Member of the Executive Council for Economic Development and Tourism, Mpumalanga
- Incumbent
- Assumed office 15 July 2025
- Preceded by: Makhosazane Masilela

Executive Mayor of Ehlanzeni District Municipality
- In office 2016–2025
- Preceded by: Lettie Shongwe
- Succeeded by: Terrence Shabangu

Speaker of Mbombela Local Municipality
- In office 2011–2016
- Preceded by: Jimmy Mohlala
- Succeeded by: Mandla Msibi

Personal details
- Born: November 1, 1977 (age 48) Kabokweni, Mbombela, South Africa
- Party: African National Congress (ANC)
- Occupation: Politician, administrator

= Jesta Sidell =

South African politician (born 1977)

Jesta Sidell (born 1 November 1977) is a South African politician and administrator currently serving as the Member of the Executive Council (MEC) for Economic Development and Tourism in the Mpumalanga Provincial Government. She is a senior member of the African National Congress (ANC) and previously served as the Executive Mayor of the Ehlanzeni District Municipality. She served as the Regional Secretary of the African National Congress Women's League in the Ehlanzeni region and was elected the provincial chairperson of the South African Local Government Association (SALGA in January 2020.

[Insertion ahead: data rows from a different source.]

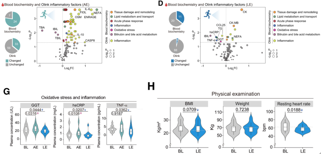 圖注:長期運動使多項健康指標得到改善,如靜息心率下降、炎症因子hsCRP和TNF-α水平降低,而急性運動則主要引起身體指標的短暫應激性變化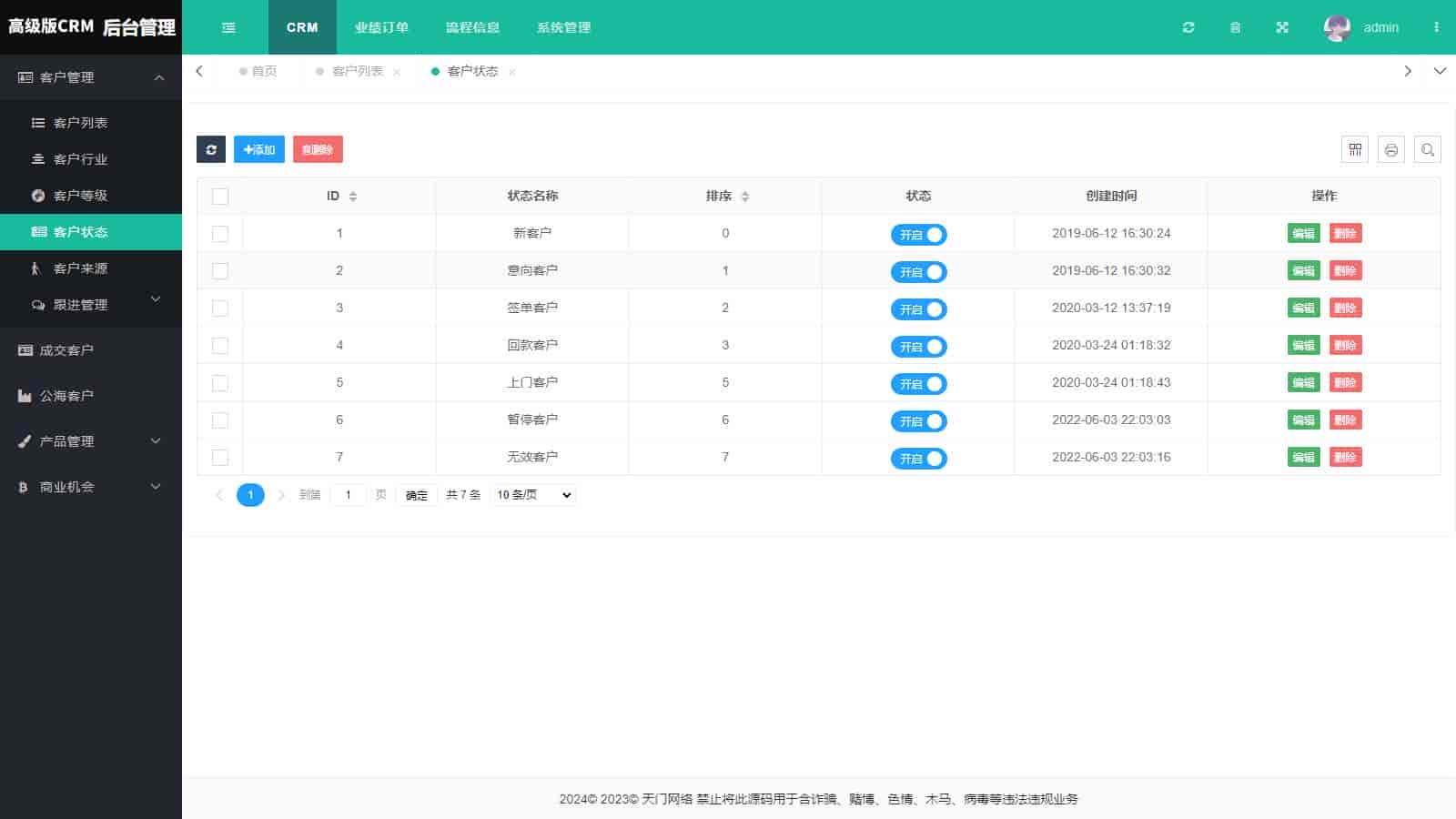 支持批量删除客户,抢客户,客户公海,客户线索,客户来源,客户地区,
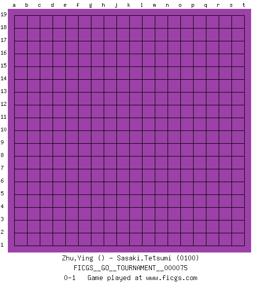 Last move : 0-1 2021 January 2 16:43:29 [Event "FICGS__GO__TOURNAMENT__000075"] [Site "FICGS"] [Date "2020.12.03"] [Round "1"] [Black "Zhu,Ying"] [White "Sasaki,Tetsumi"] [Result "0-1"] [Rating 2 "0100"] 0-1 This go game has been lost on time (started : 2020.12.03 6:53:24) Here are the names of the openings (joseki) played in the four corners : Player White won this Go (weiqi, baduk) game. Follow this game move after move (download)Stop on second, extend on third. (Anonymous) I couldn't make any sense out of what this particular thread is about. It sounds like R2 D2 computer speaking. A space fight ?!? Some 'command' problems in Moscow ? Some killers & narcotic addicts attacking some game & a god wannabe ?? (Dinesh De Silva, lost in a russian conflict in FICGS forum)

She was born in Kabokweni, a township near Mbombela in the Mpumalanga province and began her schooling at Victory Park Primary School, completing at Middleburg Combined School.

Sidell has been involved in politics since 2000, when she was elected as a Proportional Representation (PR) Councillor in both the Mbombela Local Municipality and Ehlanzeni District Municipality. She went on to become the Speaker of the Mbombela Local Municipality from 2011 to 2016. In 2016, she was elected Executive Mayor of Ehlanzeni District Municipality, a role she held until her appointment to the provincial cabinet in 2025.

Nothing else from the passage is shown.